Selain itu, Dinkopumdag Surabaya juga akan memberikan label nama pada setiap stand pedagang pasar, serta melakukan penataan zona berdasarkan jenis bahan pangan.
“Kami akan bantu dengan penamaan (label) atau signits area. Jadi akan memudahkan pembeli, contoh zona khusus ikan, lalu daging ayam, dan daging sapi. Semua akan berdasarkan zona,” ujarnya.
Sementara itu, Direktur Pengawasan Penerapan Standar Keamanan dan Mutu Pangan, Anas Yalitoba mengatakan kabupaten/kota diharapkan ikut mendorong setiap pasar di daerahnya agar dapat menerapkan Pasar Pangan Segar Aman (PAS Aman).

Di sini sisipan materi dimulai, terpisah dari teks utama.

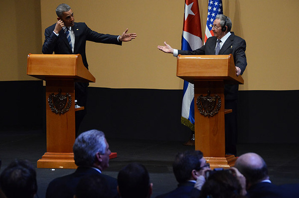 劳尔-卡斯特罗称,美国应解除长达54年的禁运,奥巴马称对此感到乐观,禁运将会结束,不过时间不能保证。共和党控制的国会拒绝解除禁令,之后奥巴马通过行政令放宽了一系列旅游和贸易限制。劳尔还要求美国归还已租借逾百年的关塔那摩湾,但奥巴马没有回应。

“Hari ini kami melakukan pengawasan langsung di Pasar Nambangan. Alhamdulillah di sini pangannya segar dan semuanya negatif dalam uji cepat. Sehingga ada jaminan bahwa pangan segar yang dijual aman dikonsumsi masyarakat dan tidak perlu kita khawatirkan,” kata Anas.
Anas menerangkan, melalui penerapan Pasar Pangan Segar Aman ini, dapat dilakukan aksi bersama dalam melakukan pengawasan keamanan pangan. Sebab, keamanan pangan merupakan tanggung jawab bersama.